Directions for this task. Beginning at the line with "Wir bieten Ihnen", please repeat each line exactly through the end of the records below, including that first line and the last, but no pictures.

━━━ Extracted material ━━━

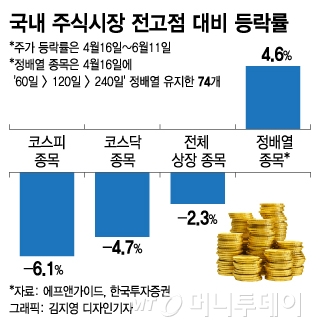 실제 연중 전고점인 4월16일부터 6월11일까지 증시 등락률을 분석했더니 3개월간(4월16일 기준) 정배열 상태를 유지했던 74개 종목의 평균 수익률은 4.6%로 시장 평균치를 훨씬 웃돌았다. 같은 기간 코스피 평균 수익률은 -6.1%, 코스닥은 -4.7%였다.
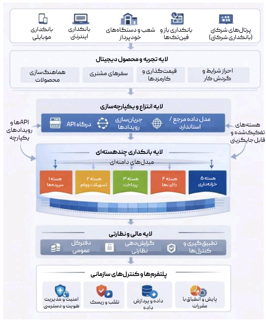 هسته بانکی چندگانه بر این فرض بنا شده که هسته بهعنوان یک مفهوم عملیاتی و مالی همچنان ضروری است، اما تمرکز و یکپارچگی آن باید شکسته شود. در این رویکرد، بانک بهجای تکیه بر یک هسته واحد، از چند هسته تخصصی و مستقل استفاده میکند که هرکدام مسئول یک دامنه مشخص کسبوکار هستند. برای مثال، سپردهها، تسهیلات، پرداختها، کارت و خزانهداری میتوانند هرکدام هسته جداگانه خود را داشته باشند. این هستهها از طریق لایههای میانی استاندارد مانند API Gateway، معماری رویدادمحور و مدل داده مرجع با یکدیگر و با کانالهای بیرونی ارتباط برقرار میکنند. در چنین معماری، هسته حذف نمیشود، بلکه به اجزای کوچکتر، مستقلتر و قابلجایگزینی تقسیم میشود؛ اجزایی که میتوانند با سرعتهای متفاوتی تکامل پیدا کنند.
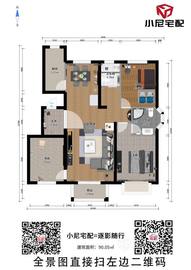 次臥辦公,休息,收納于一室,讓每一寸空間物盡其用。單區(qū)間的圍合空間,采用立體式環(huán)抱包圍,在風(fēng)水上叫藏風(fēng)聚氣
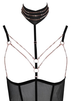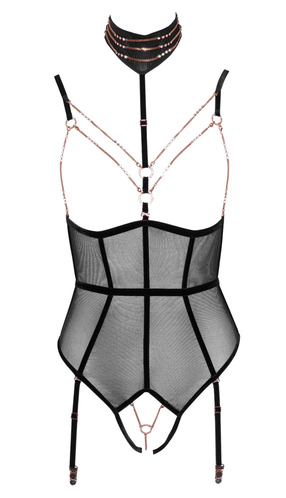 Body s otevřenými košíčky a technologií powernet od Abierta Fiena s kompletně otevřeným rozkrokem, elastickými sametovými ramínky a růžovo-zlatými ozdobami. Podprsenka i podvazková ramínka jsou nastavitelná. Podvazková ramínka lze odejmout. Podprsenka má nastavitelný výstřih a náhrdelník (s knoflíkem vzadu) s ozdobnými řetízky. Náhrdelník i náhrdelník jsou také odnímatelné. Malé řetízky v oblasti výstřihu s karabinkami a řetízek v oblasti rozkroku s ozdobným kroužkem jsou také odnímatelné. Zadní část body je dvoudílná. Na podprsence jsou dvě spony a pas je tvořen páskem na kalhotky/podvazky.
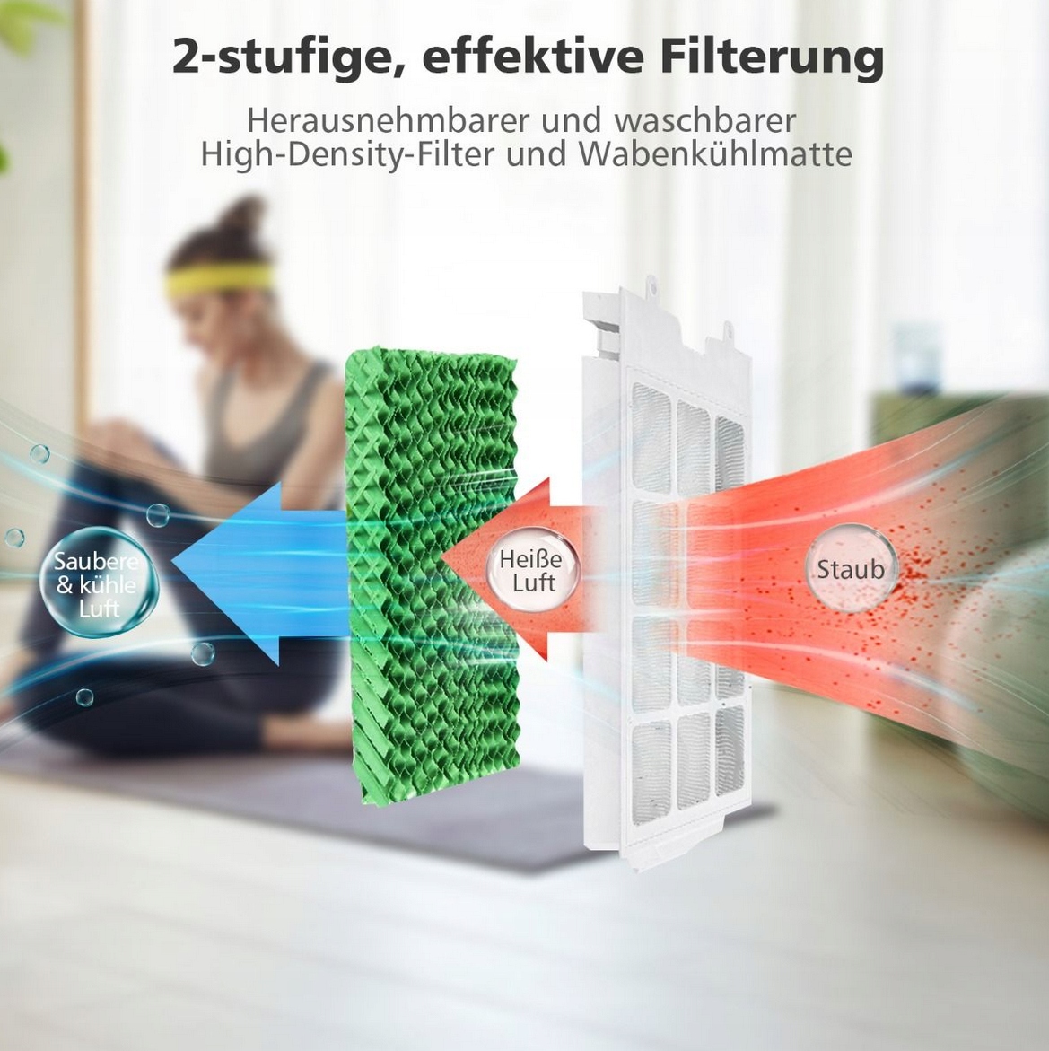Компактный и портативный воздухоохладитель: размеры испарительного вентилятора составляют 37 x 32 x 74,5 см, что идеально подходит для помещений с ограниченным пространством. Встроенная ручка и плавно вращающиеся колеса позволяют легко перемещать вентилятор в любое место, например, в гостиную, спальню или офис.
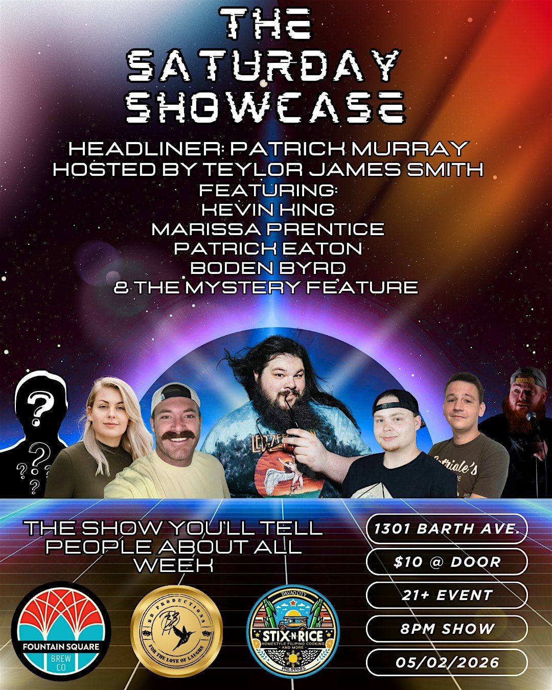 Headliner Patrick Murray and host Teylor James Smith round out and boost up the laughs while you enjoy some delicious beers and some excellent fillipino food + smash burgers from our food truck Stix N Rice!!!
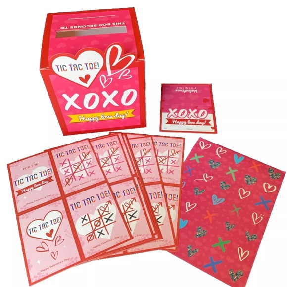 Kids Valentines Day Tic Tac Toe Mailbox And Cards 24 Pack With Stickers
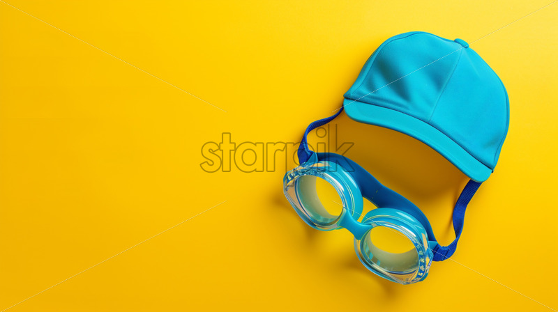 Minimalist composition with swimming goggles and cap
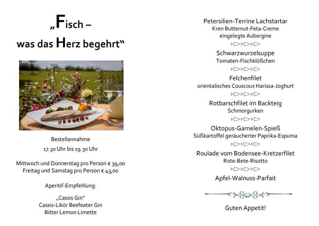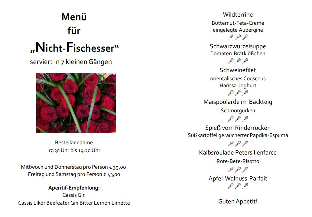 Wir bieten Ihnen auch gerne auf Vorbestellung wieder unser Menü “für Nicht-Fischesser” an.
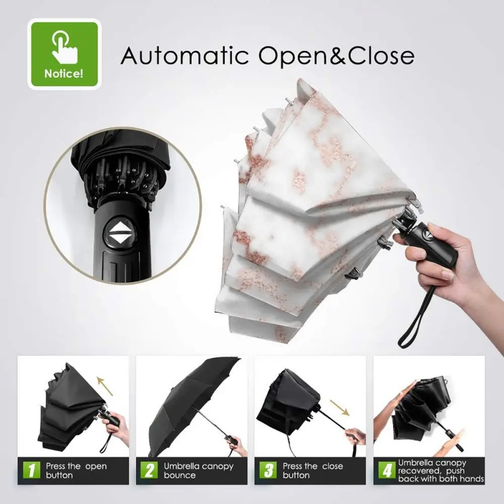 Product Name: Ombrello Automatico Da Pioggia Ombrello A Tre Pieghe Ombrello Antivento In Marmo Oro Rosa Ombrello Impermeabile Femminile
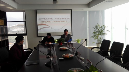 为了落实地方性卓越法律人才的培养目标,实现地方高校社会服务的功能和价值,促进和深化与律师事务所在人才培养、理论培训、实务研讨等方面的合作,3月1日上午,政法学院与江西柴桑律师事务所联合举行了合作共建签约仪式暨卓越法律人才协同培养基地揭牌仪式。政法学院詹建志院长、宛锦春副院长、曹钟安副院长,实验室主任钟文红、副主任陈昊;柴桑律师事务所主任刘晖,副主任简武、周立斌,高级合伙人田玮琅、张立陶、沈峰、潘敏等参加了仪式。
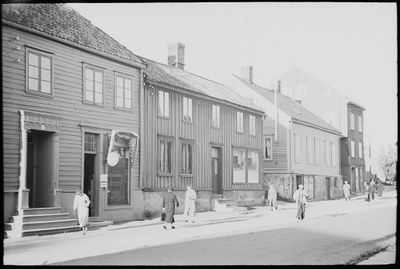 Sjåfør Thorleif Antonsen, Bernhard Corneliussen, med fiskemat og melkeforretning i Fredrik Langes gate 25, kontormann Finn og agent Oscar Stavseth, (1946).
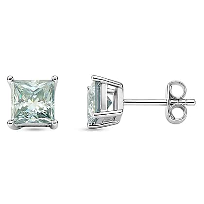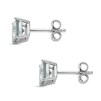 D'Joy Paraiba Moissanite Solitaire Stud Earring with Push Back in Rhodium Overlay Sterling Silver 1.82 Ct.
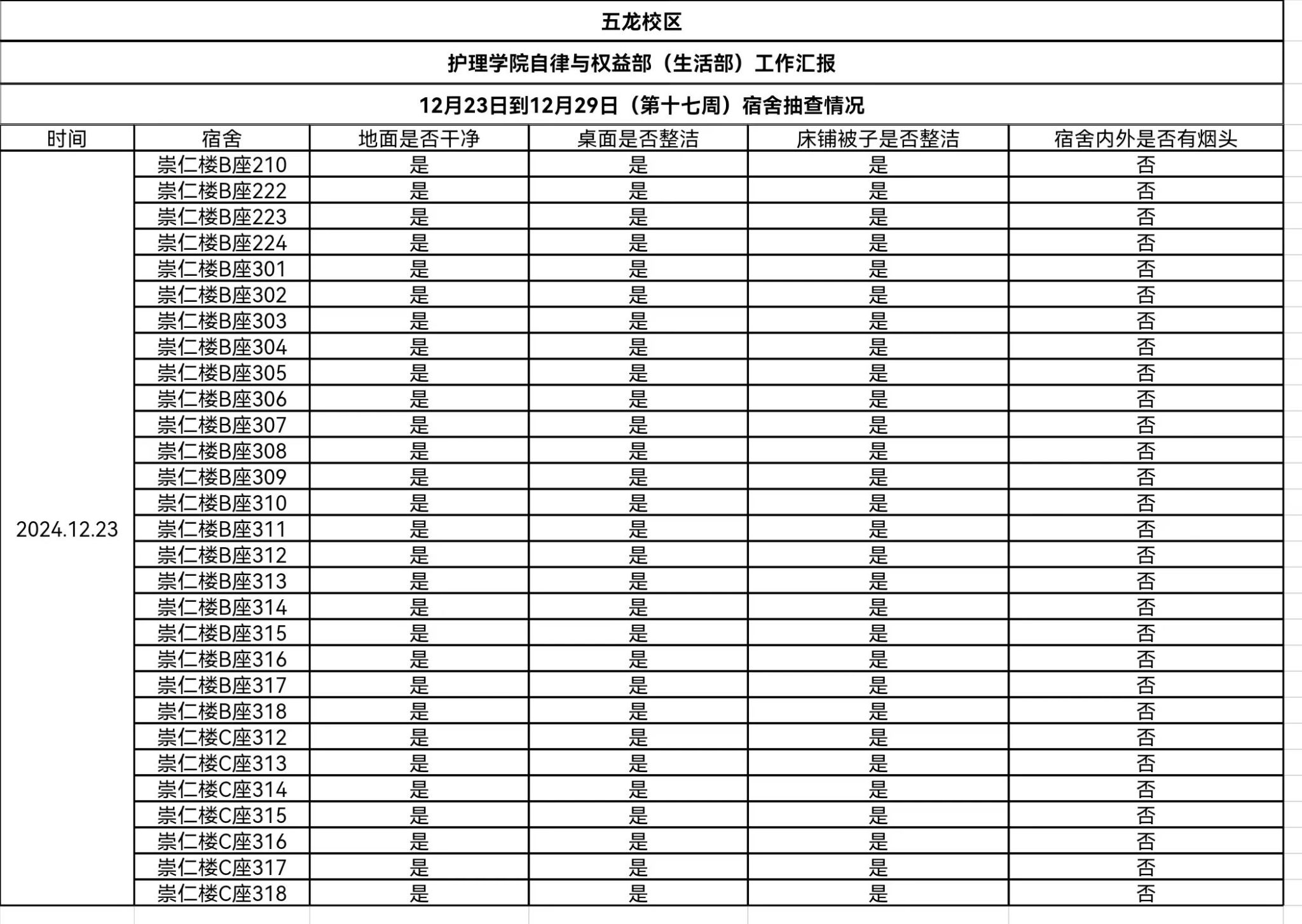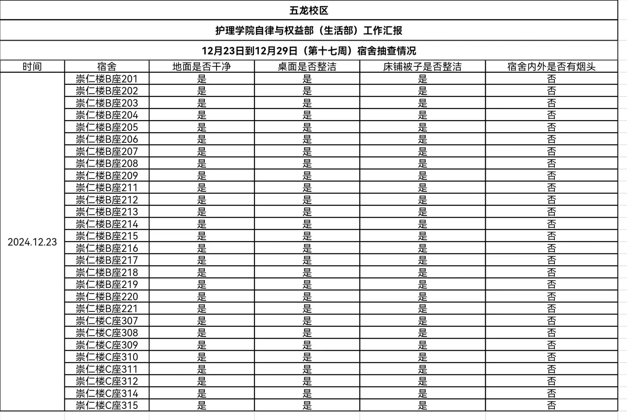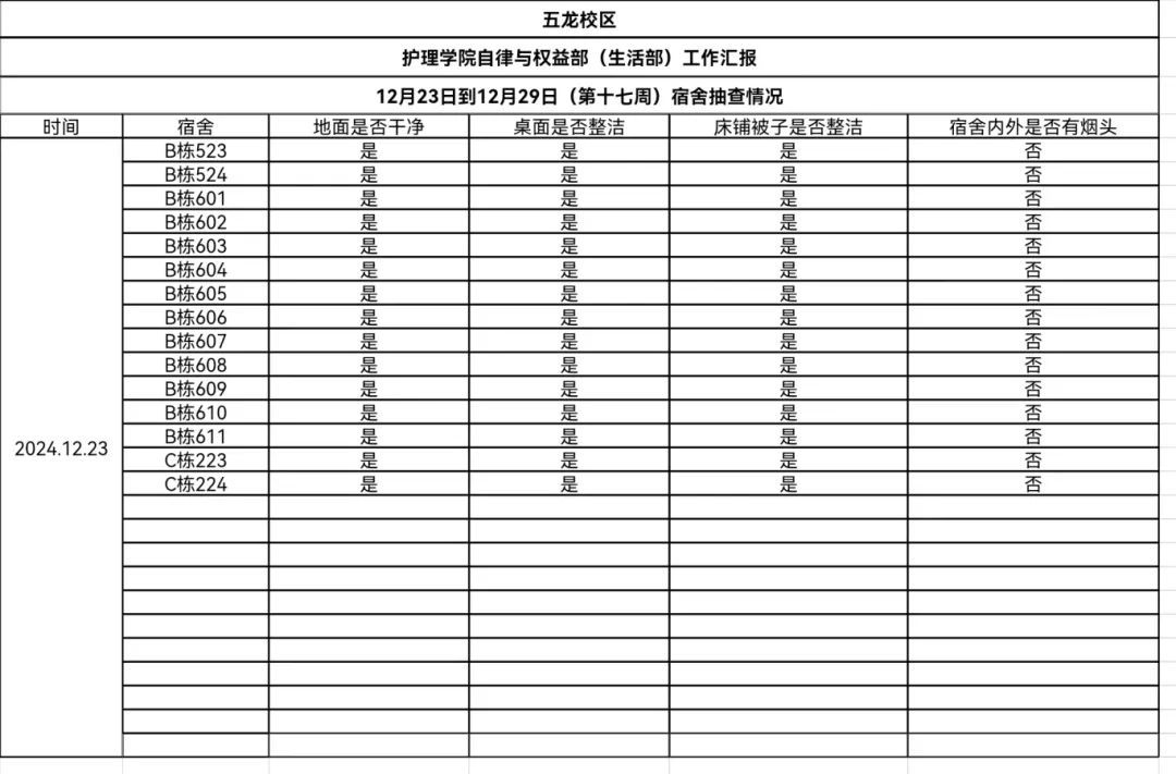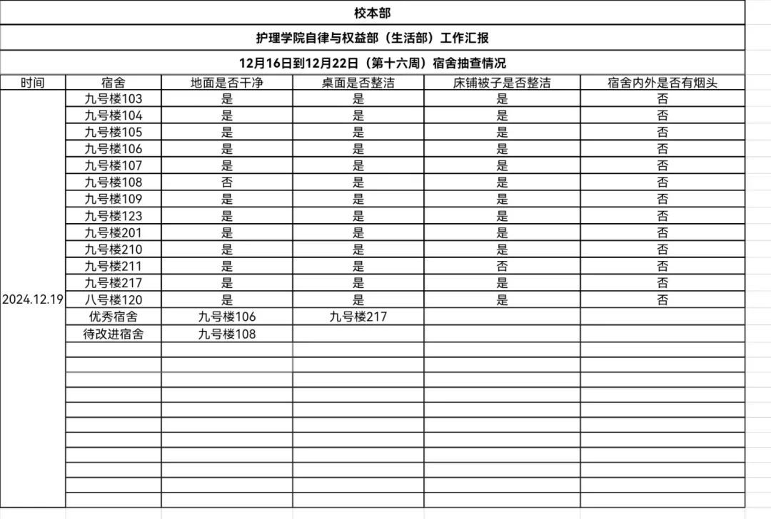 现公示第十六、十七周(12月16日-12月29日)英国365公司学生会生活部查寝情况

━━━

Written reply.
 Wir bieten Ihnen auch gerne auf Vorbestellung wieder unser Menü “für Nicht-Fischesser” an.
 Product Name: Ombrello Automatico Da Pioggia Ombrello A Tre Pieghe Ombrello Antivento In Marmo Oro Rosa Ombrello Impermeabile Femminile
 为了落实地方性卓越法律人才的培养目标,实现地方高校社会服务的功能和价值,促进和深化与律师事务所在人才培养、理论培训、实务研讨等方面的合作,3月1日上午,政法学院与江西柴桑律师事务所联合举行了合作共建签约仪式暨卓越法律人才协同培养基地揭牌仪式。政法学院詹建志院长、宛锦春副院长、曹钟安副院长,实验室主任钟文红、副主任陈昊;柴桑律师事务所主任刘晖,副主任简武、周立斌,高级合伙人田玮琅、张立陶、沈峰、潘敏等参加了仪式。
 Sjåfør Thorleif Antonsen, Bernhard Corneliussen, med fiskemat og melkeforretning i Fredrik Langes gate 25, kontormann Finn og agent Oscar Stavseth, (1946).
 D'Joy Paraiba Moissanite Solitaire Stud Earring with Push Back in Rhodium Overlay Sterling Silver 1.82 Ct.
 现公示第十六、十七周(12月16日-12月29日)英国365公司学生会生活部查寝情况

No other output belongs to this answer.